Serge Berlanger: Thank you.

Operator: We’ll take our next question from Kelly Shi with Jefferies.

Unidentified Analyst: Hi. This is Claire on for Kelly. Thanks for taking my question. So my first questions on ZYNRELEF. So I wonder if you can give us more color on your strategy on getting more uptick from those accounts already have consistent ordering? And what do you think will be the inflection point in terms of the sales trajectory for ZYNRELEF? And also, can you share a little bit more about the progress on the EU launch? Thanks.

Barry Quart: Yes. John, do you want to take the first part?

John Poyhonen: Of course. So our focus right now is in our existing accounts, making sure that our representatives are able to really maximize the number of surgeons using a product. So oftentimes in these initial evaluations that are coming about, they’ll start with maybe two or three orthopedic surgeons, and there may be five to eight in practice. So our goal is to really leverage the positive results at the initial trial period had and expand to those other surgeons. The other thing that we’re looking to do is expand within the procedures that we’re doing, so if we’re starting with total, someone maybe could go on mute, there’s an awful lot of background noise there. Thank you so much. So the other thing that we’re doing is looking to expand the surgical procedures.

So if someone’s starting in TKA, we’re obviously looking to do hips. We’re also then looking to expand within an account to other surgical lines. So if it’s going well in orthopedics, what can we do in general surgery and pediatrics, what can we do in C-section, where are additional places that we can grow the business. And we are beginning to see good traction on taking that approach. Some of the flexible resources that we’re adding like the medical device reps are helping a lot too, because they have such a strong relationship with orthopedic surgeons, there may be some that we don’t have strong relationships and are harder to convert. And we’ve already seen growth coming from accounts by using that. So there’s a variety of really strategies that we’re using there.

But I think most of it is just making sure that we’re leaving no stone unturned within accounts that already have existing business.

Barry Quart: Yes. And on the EU question, really no update. We have continually seen a challenging process to find an EU partner, and we have no intention of launching the product ourself that’s an expensive endeavor, and we certainly would not want to use our cash for that at this time.

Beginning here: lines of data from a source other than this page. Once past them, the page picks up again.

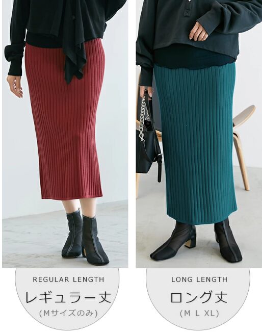 ・ニットタイトスカート:-3kg着痩せる ニットスカート リブニット 前後2WAY ウエストゴム 極暖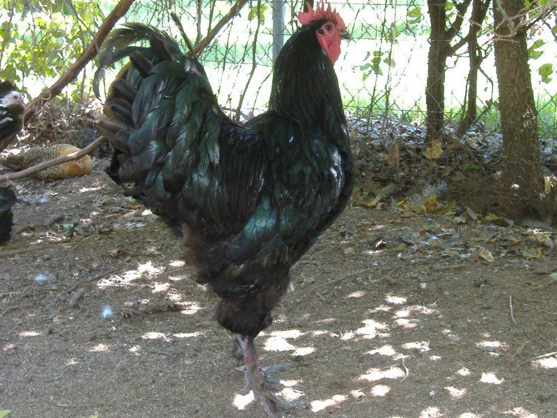 Some lines of birds are more frequent in being broody. My particular birds have gone broody six times each this year alone. The males are sweet, relaxed and gentle. Green sheen on males and females is desirable with purple sheen considered less desirable than green. Eyes should be dark, bordering on black. Face and wattles should be red with a medium-sized comb. This breed has done will in 100*F temperatures as well as sub-zero temperatures in the winter. Laying in high temperatures should not be expected. Eggs vary from light brown to dark brown and desirable eggs have a "plum" coloration to the brown.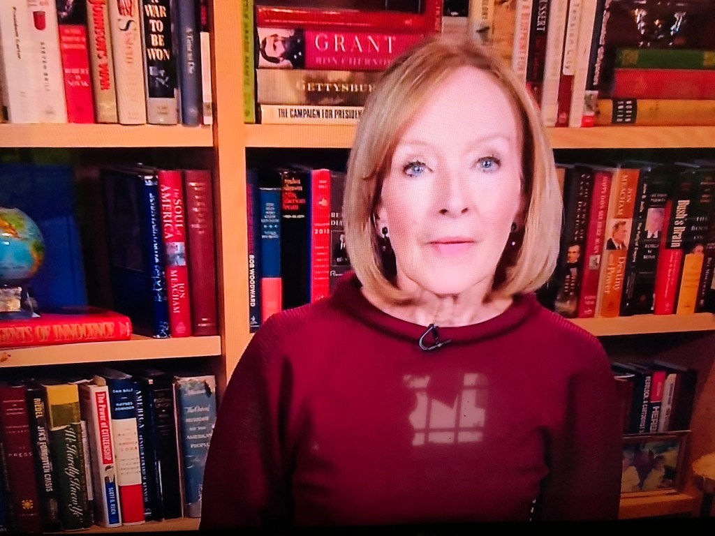 It’s been a log week. We’re up to 77,000 dead from coronavirus and that wasn’t the lead story. Unemployment is at 14.7% and many are saying it’s much worse. That’s the highest unemployment since the Great Depression for those of you keeping score. So, it’s OK to wear a comfort sweater. I would have gone with pearl studs, but she loves the ruby (-colored at least) drops. Speaking of red, she seems to have toned down the strawberry in her strawberry-blonde ‘do.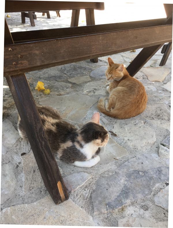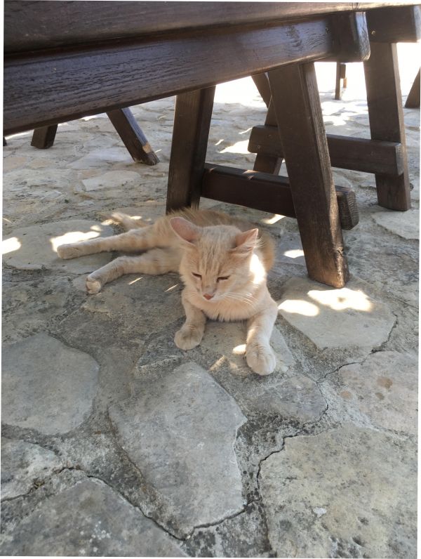 А вот эти, совершенно не привычного цвета кошки обитают у моря на Северном Кипре, кормятся в тавернах подаяниями путешественников и поваров и рыбкой от рыбачков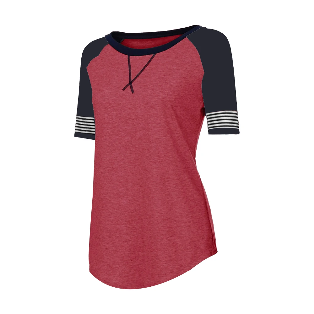 Женский пуловер с короткими рукавами в стиле пэчворк, Повседневная футболка с круглым вырезом и вышивкой, топы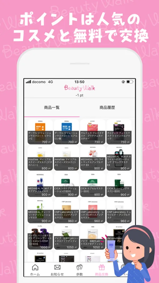 たくさん歩いてポイントを貯めて人気のリップやコスメ、フェイスマスクなどのスキンケアをゲットしましょう!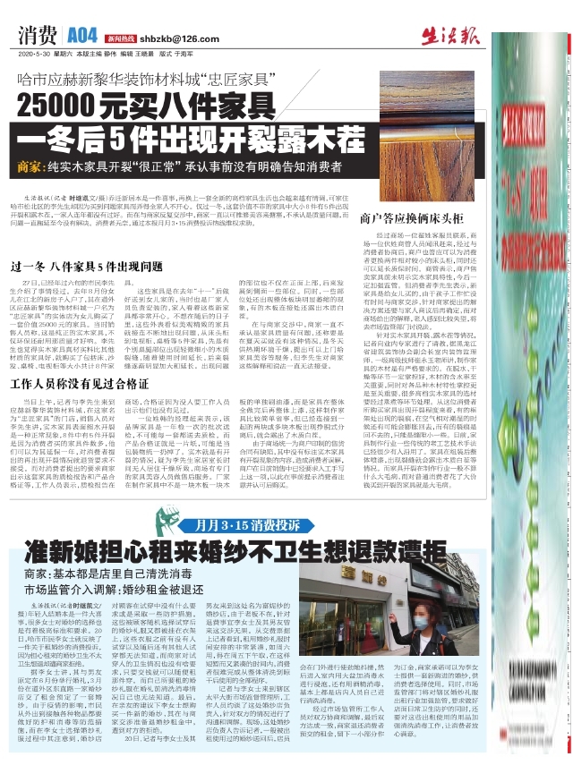 25000元买八件家具一冬后5件出现开裂露木茬

Unidentified Analyst: Got it. That’s very helpful. And on the APONVIE the launch, you have talked about the early signals you have seen from the launch two weeks ago. And could you maybe give us more color on APONVIE ramp-up? And like what are the additional cells or you might need to support the APONVIE ramp-up? And how should we expect the cost increase associated with that? Thank you.

Barry Quart: Yes. John, do you want to take that?

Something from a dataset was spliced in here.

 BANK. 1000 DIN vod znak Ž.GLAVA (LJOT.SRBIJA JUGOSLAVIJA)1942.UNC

John Poyhonen: Of course. So with respect to the sales ramp up, it will really be determined on how quickly we can get formulary approval. So that’s a key priority that we have right now. As with any of our products, we don’t give guidance to during a launch phase. So we’re really not providing any additional insights at this time. What we hope to do is continue to provide updates on the progress as we get further in, but we’re only two weeks out. With respect to the additional cost, we’re using our existing ZYNRELEF sales force. They call on the exact same audience. Our team is already calling on anesthesiologists, on pharmacy, on surgeons. And fortunately, there’s a tremendous overlap of the target accounts that we’re going after, especially the oral aprepitant accounts with the ZYNRELEF accounts that we have. So it’s a very small percentage of the overall budget that’s used incrementally to launch APONVIE compared to what we’re doing as a commercial spend.

Unidentified Analyst: Got it. Thank you.

Operator: And that does conclude the question-and-answer session. I would like to turn the call back over to Dr. Quart for any additional or closing remarks.

Barry Quart: Thank you, and thanks everyone for joining us today on the call. We look forward to keeping you updated in the future.

Operator: Ladies and gentlemen, that concludes today’s conference call. Thank you for your participation and you may now disconnect. Goodbye.